Sebuah suara yang mereka kenal dengan baik.
"Tiway!" seru Alexa.
Hihihi...
"Nih ya berdua ya, kalo gue sampai jantungan gimana? Apa bahagia lu pada ya, sukanya bikin kaget terus."
"Dih ngomel, dah kayak halmeoni gue lu Lex."
"Yong, makan yuk..."
"Hah?"
"Ma-kan," sahut Yuta sambil menunjukkan dengan tangannya.
"Oh makan? Dah yuk..."
Mereka bertiga berjalan bersamaan.
"Eh, gue punya cerita bagus nih."
"Apaan Yut?"
"Kemaren ya, gue kan diem di depan rumah sambil nyiram kebun tuh. Eh ada bebek kepleset lihat kegantengan gue, hahaha."
"Hahaha, yaelah Yut, dilihatin bebek aja baper lu."
"Ye, biarin... Kan itu artinya gue gini-gini masih laku masih laku."
"Eh, daripada nggak punya pacar mending jomblolah haha."
"Dasar, mentang-mentang bego gratis lu borong semuanya."
"Ye, kira-kira dong..."
Yuta melirik Taeyong.
"Yong, lu Napa diem aja? Lu sakit?"
Taeyong bahkan tidak menoleh.
Sesaat kemudian.
"Taeyong...!"
Ciiiitttttt...!
***
"Tiway, lu nggak apa-apa kan?" tanya Alexa sambil menangis sesenggukan di samping Taeyong.
Perlahan-lahan Taeyong membuka matanya dan melebarkan pandangannya, kemudian tersenyum.
Yuta mendekat dan memasang hearing aids pada telinga Taeyong.
"Lu kok nangis Lex?"
"Maaf, maafin gue ya Tiway... Ya Tuhan, seharusnya gue sadar kenapa lu diem aja."
"Yong, lu kok nggak bilang? Bilang sekarang sama gue, siapa yang udah bikin hearing aids lu rusak. Dan siapa juga yang udah mukul lu sampai perut lu memar kayak gini."

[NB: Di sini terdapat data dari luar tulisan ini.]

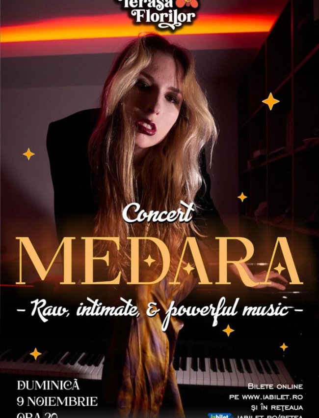 Așadar, vă așteptăm cu drag la Terasa Florilor la o seara de muzicā sinceră, puternică și plină de profunzime și sensibilitate cu MEDARA!
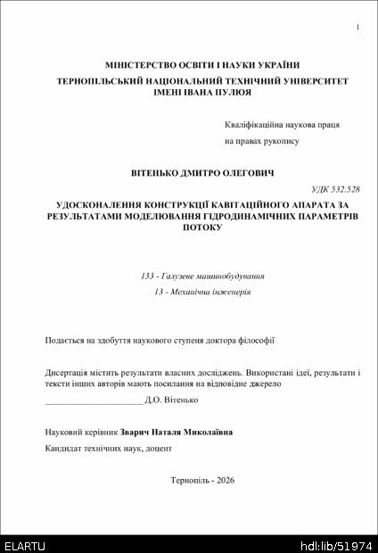 | Бібліографічний опис: | Вітенько Д. О. Удосконалення конструкції кавітаційного апарата за результатами моделювання гідродинамічних параметрів потоку : дис. ... доктора філософії : 133. Тернопіль, 2026. 233 с. |
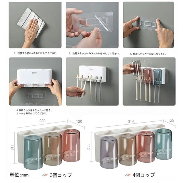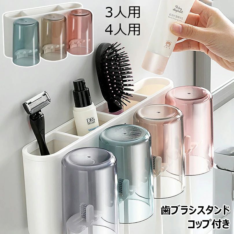 歯ブラシスタンド コップ付き 壁掛け 日用品雑貨 文房具 手芸 続々入荷中 3人用 4人用
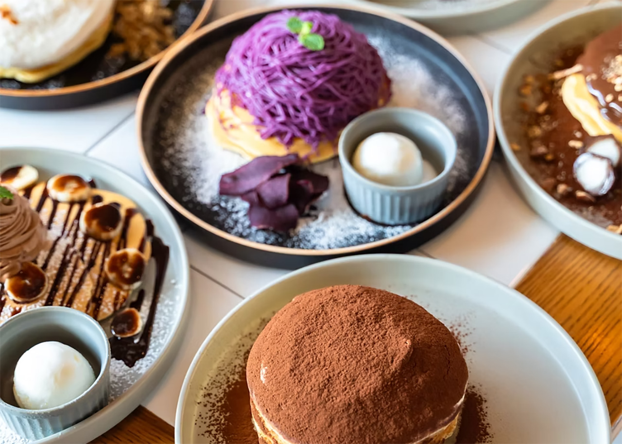 そして那覇国際通り店では、フォークを入れた瞬間ふわっと消える、魔法の口どけを持つスフレパンケーキに加え、中でも人気No.1は、ふわとろ食感がたまらない「ティラミスパンケーキ」。クリームが滝のようにパンケーキ全体を流れ落ちる、見て楽しい・やって楽しい・食べて美味しい三拍子そろった特別な“体験型パンケーキ”として、早くも話題となっています。
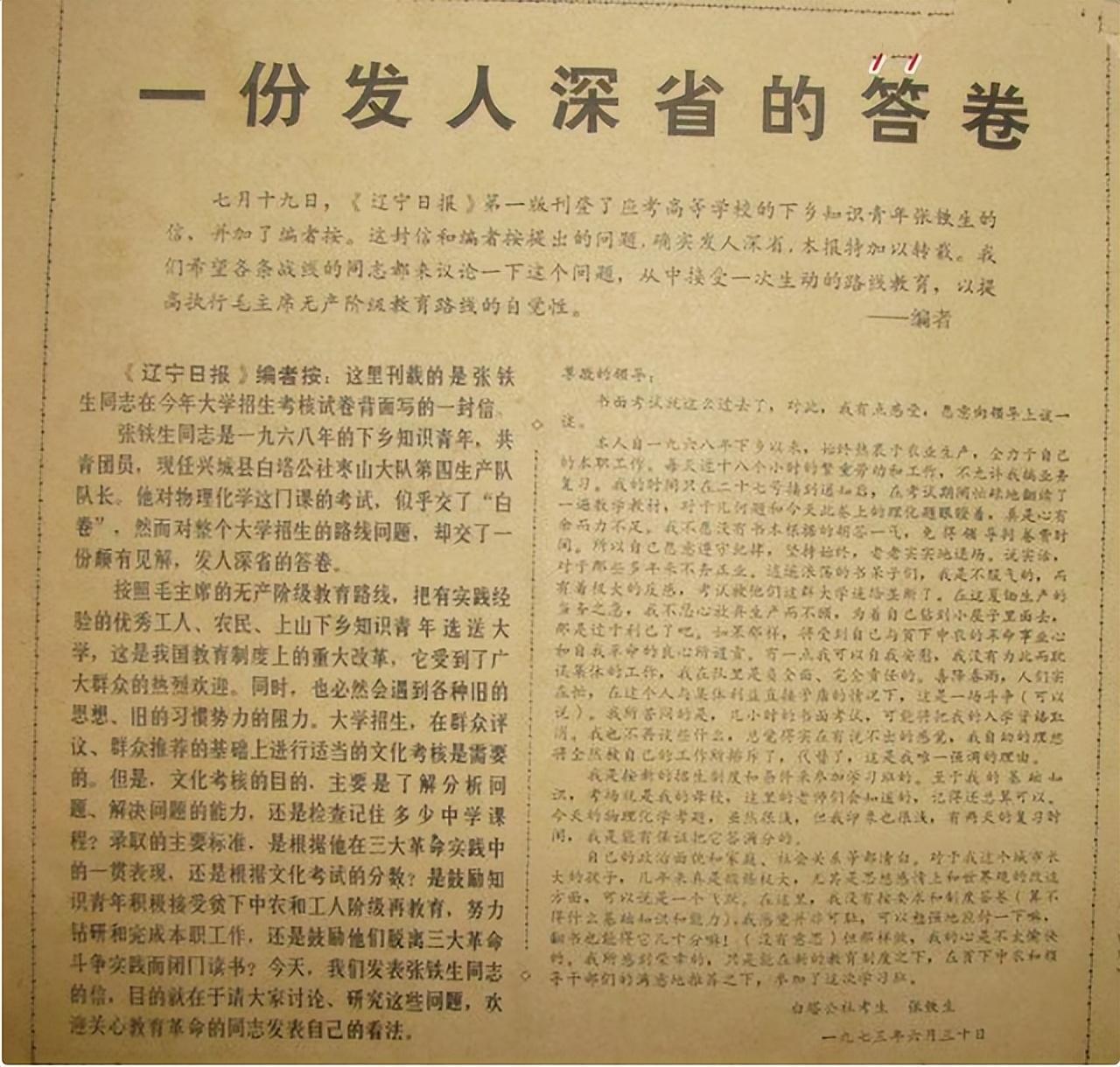 谈到高考的历史,提起当年各地推荐工农兵学员上大学,最有名的,就是1973年被推荐参加高考的˝白卷英雄”张铁生。

Tiway alias Taeyong ini terdiam.
"Apa hearing aids-nya rusak Yut?"
Taeyong menyentuh tangan Alexa lembut sambil menggelengkan kepalanya.
"Jadi?"
"Ini ulah Kyuhyun, dia marah karena gue nggak mau bantuin dia ngerjain skripsinya."
Yuta langsung terlihat marah, matanya memerah, nafasnya jadi sedikit sesak.
"Yuta, lu jangan bikin masalah sama mereka deh. Temen-temennya banyak, mereka sukanya keroyokan."
"Gue gak peduli! Dia berani nyakitin lu, itu artinya dia udah nyakitin saudara gue."